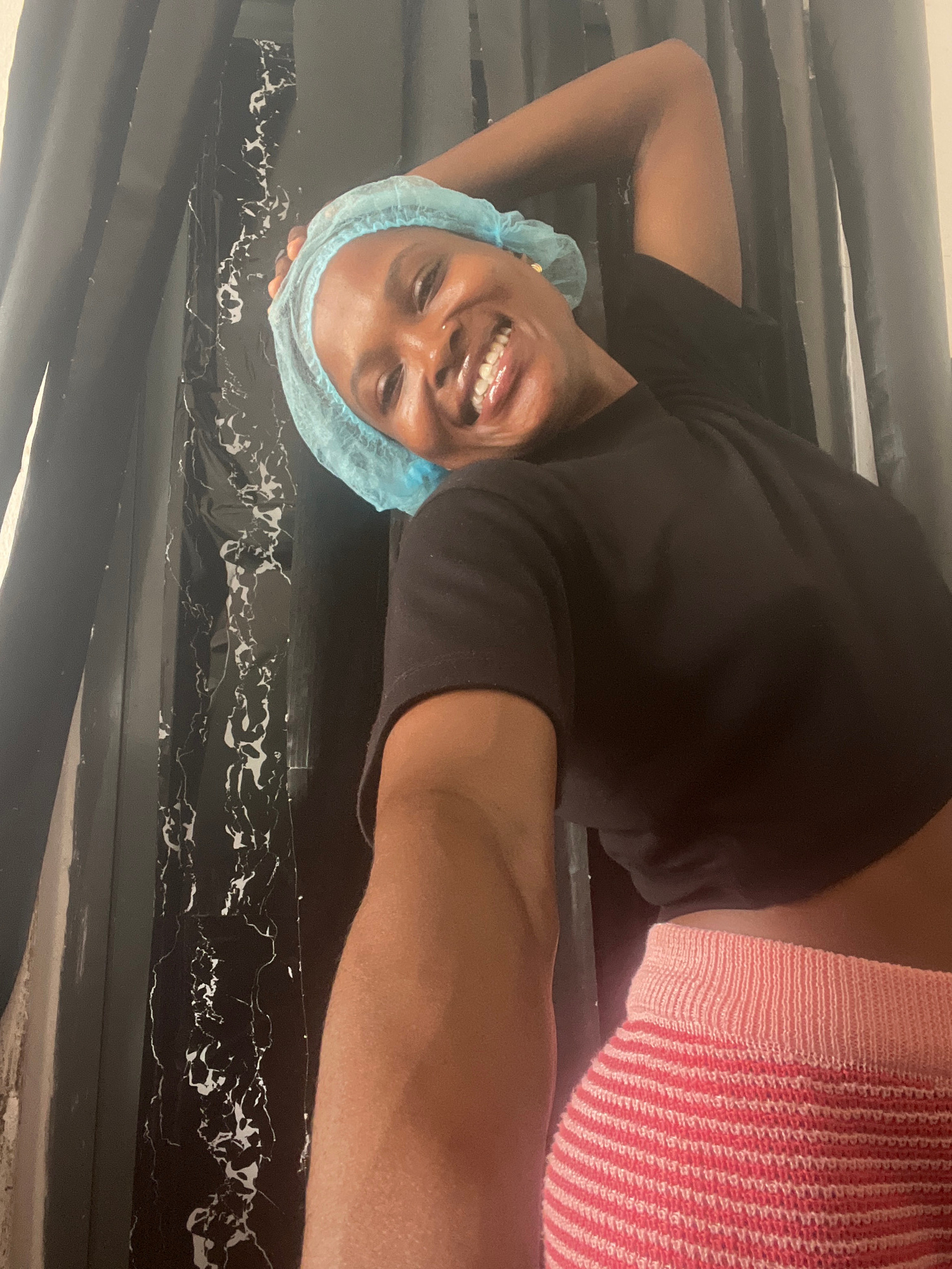 A smiling woman wearing a blue surgical cap and a black top is pictured in what appears to be an indoor setting. The background features black and white marble-like patterned surfaces, suggesting poss…read more
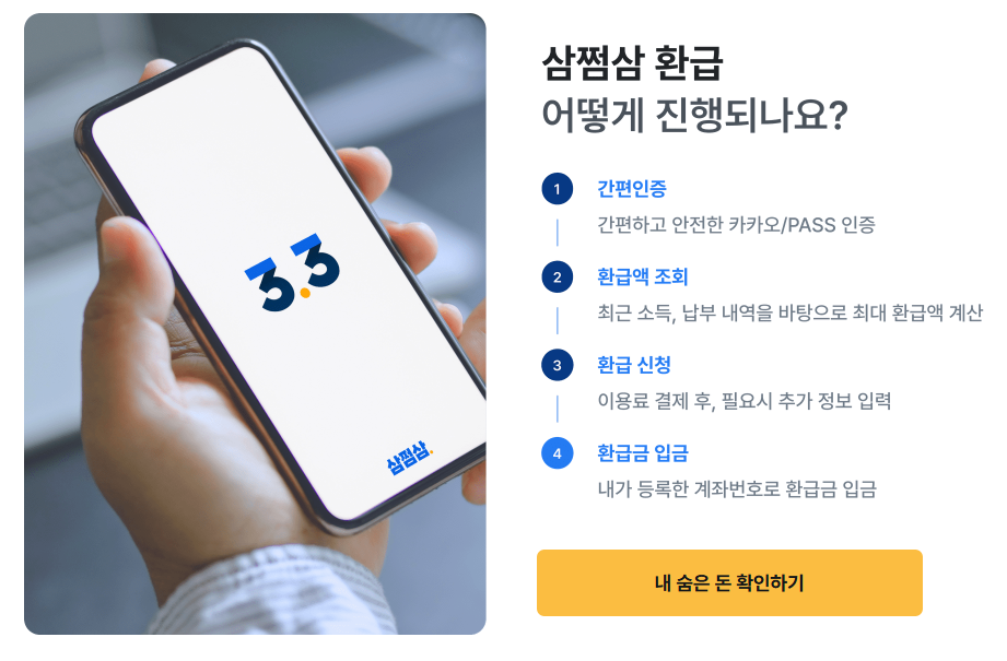 프리랜서, 알바, 배달라이더 등 3.3% 원천징수 대상자라면 누구나 환급받을 수 있다는 삼쩜삼.
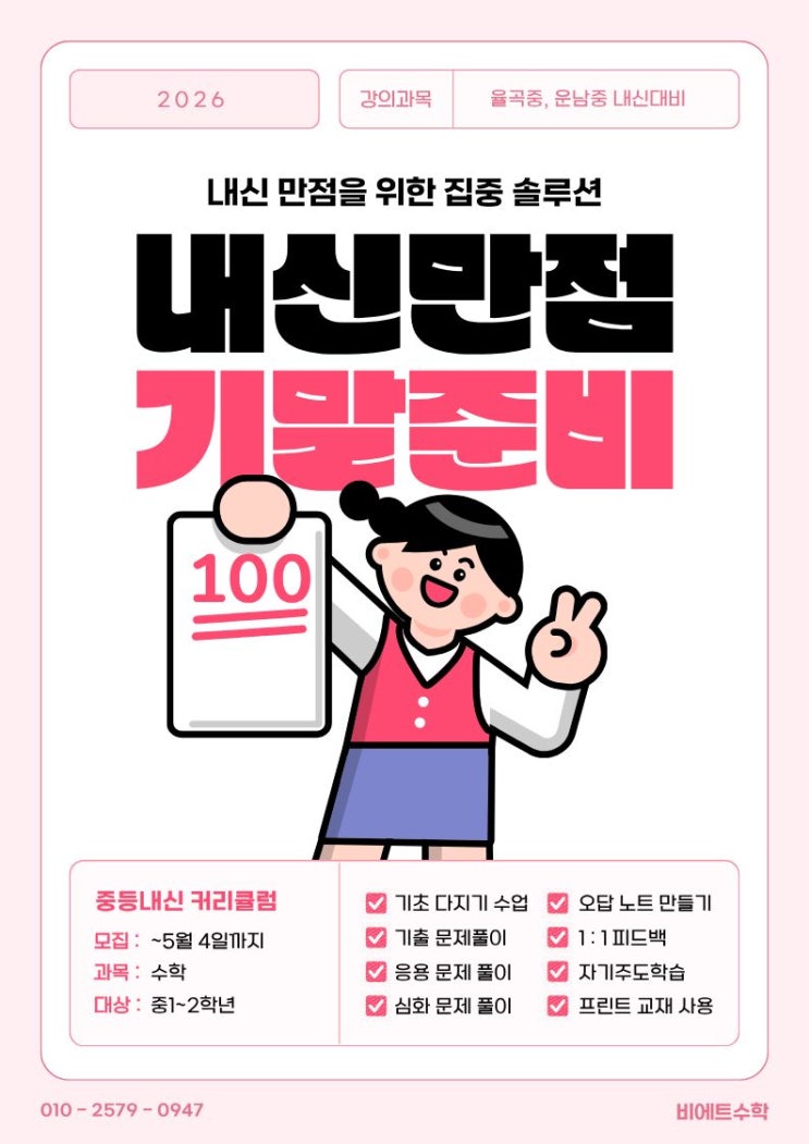 중간고사가 시작되기도 전에, 우리가 기말고사를 이야기하는 이유 안녕하세요! 비에트수학입니다. 약 10일 후에는 율곡동 내 학교의 중간고사가 시작됩니다. 우리 학생들도, 원장인 저도 책임감을 가지고 밤낮, 주말할 것 없이 막바지 총력전을 펼치고 있는 시기입니다. 저희는 왜 지금! '기말고사 대비반' 모집을 시작했을까요?! 1. 중간고사의 결과는 기말고사의 예고편입니다 중간고사에서 발견된 취약점은 기말고사 범위인 함수 파트에서 더 크게 드러나곤 합니다. 시험이 끝나고 결과에 일희일비하며 시간을 보내기보다 바로 그 다음 스텝을 설계하는 것이 성적 역전의 유일한 방법입니다. 2. 골든 타임을 놓치지 마세요 중간고사....... <img src="https://blogthumb.pstatic.net/MjAyNjA0MTJfODgg/MDAxNzc1OTIxMjgyNzc1.sTZCL1tisrnfqXKHF2NRJo-RDSzHrJ1orMKVmknF5P4g.ZozqBgyAXngllhY6xU2EqBn6F0PiVtZWuJhNR-HSQyUg.JPEG/%C1%A6%B8%F1%C0%BB_%C0%D4%B7%C2%C7%D8%C1%D6%BC%BC%BF%E4..jpg?type=s3" />
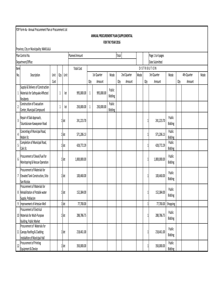 FDP Form 4a Annual Procurement Plan or Procurement List ANNUAL PROCUREMENT PLAN (SUPPLEMENTAL FOR THE YEAR 2016 Province, City or Municipality: MAXILLA Plan Control No. Department/Office: Item No.
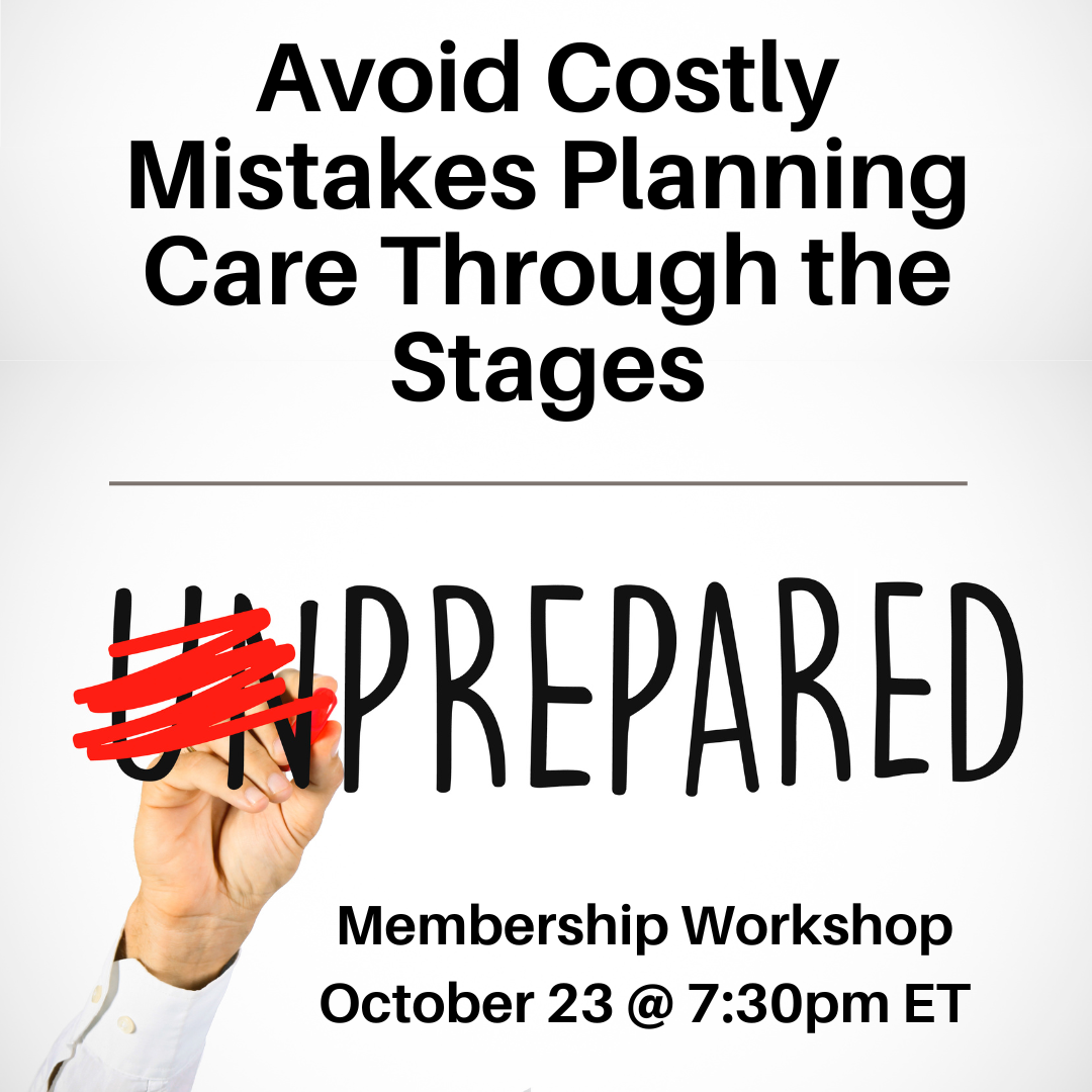 On Thursday, October 23 at 7:30pm ET, we’re hosting a workshop called “Avoid Costly Mistakes Planning Care Through the Stages” to show you how to avoid Medicaid pitfalls and plan pay for long-term care without draining everything you’ve worked for.
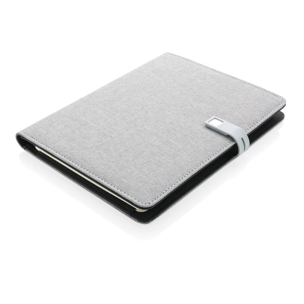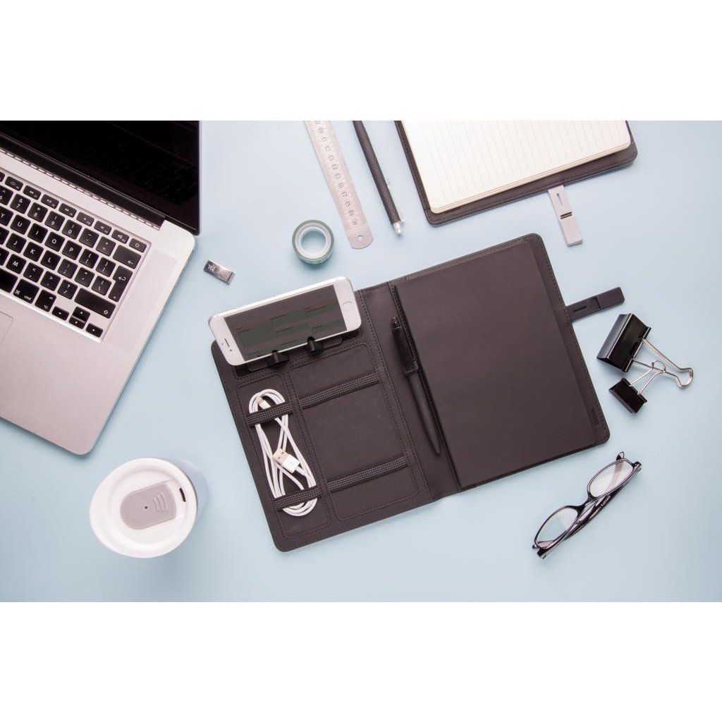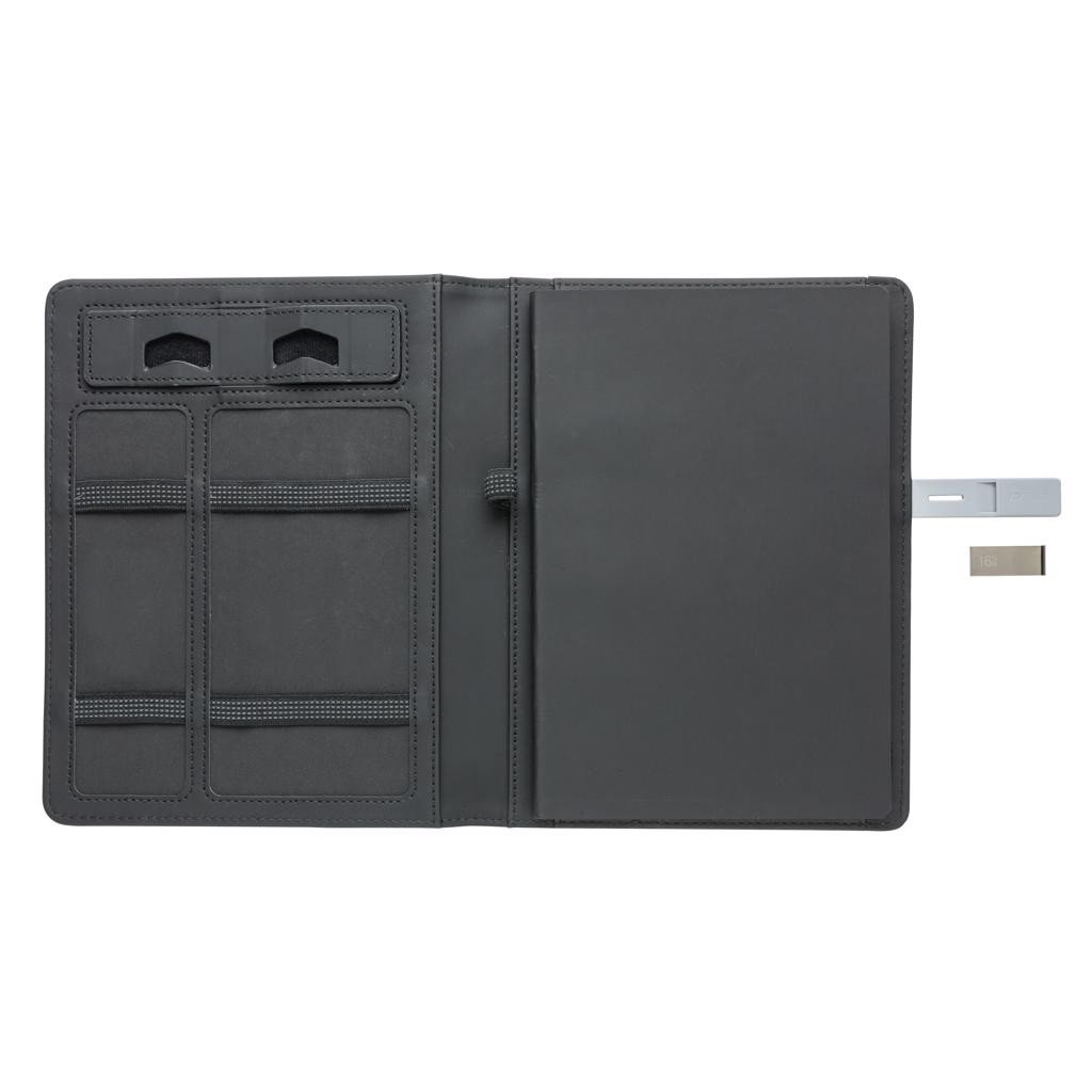 Carnet de notes A5 Kyoto avec support téléphone, pochettes pour cartes de visite ou autres accessoires et une clé USB 16Go 2.0 à l'intérieur de la fermeture magnétique. 128 pages 80g/m². Modèle déposé®.

= = = = = = =

Assignment | I'd like the lines above repeated exactly, from the one that contains "중간고사가 시작되기도 전에, 우리가" through the one that contains "FDP Form 4a", with no pictures.

Answer area |
 중간고사가 시작되기도 전에, 우리가 기말고사를 이야기하는 이유 안녕하세요! 비에트수학입니다. 약 10일 후에는 율곡동 내 학교의 중간고사가 시작됩니다. 우리 학생들도, 원장인 저도 책임감을 가지고 밤낮, 주말할 것 없이 막바지 총력전을 펼치고 있는 시기입니다. 저희는 왜 지금! '기말고사 대비반' 모집을 시작했을까요?! 1. 중간고사의 결과는 기말고사의 예고편입니다 중간고사에서 발견된 취약점은 기말고사 범위인 함수 파트에서 더 크게 드러나곤 합니다. 시험이 끝나고 결과에 일희일비하며 시간을 보내기보다 바로 그 다음 스텝을 설계하는 것이 성적 역전의 유일한 방법입니다. 2. 골든 타임을 놓치지 마세요 중간고사....... <img src="https://blogthumb.pstatic.net/MjAyNjA0MTJfODgg/MDAxNzc1OTIxMjgyNzc1.sTZCL1tisrnfqXKHF2NRJo-RDSzHrJ1orMKVmknF5P4g.ZozqBgyAXngllhY6xU2EqBn6F0PiVtZWuJhNR-HSQyUg.JPEG/%C1%A6%B8%F1%C0%BB_%C0%D4%B7%C2%C7%D8%C1%D6%BC%BC%BF%E4..jpg?type=s3" />
 FDP Form 4a Annual Procurement Plan or Procurement List ANNUAL PROCUREMENT PLAN (SUPPLEMENTAL FOR THE YEAR 2016 Province, City or Municipality: MAXILLA Plan Control No. Department/Office: Item No.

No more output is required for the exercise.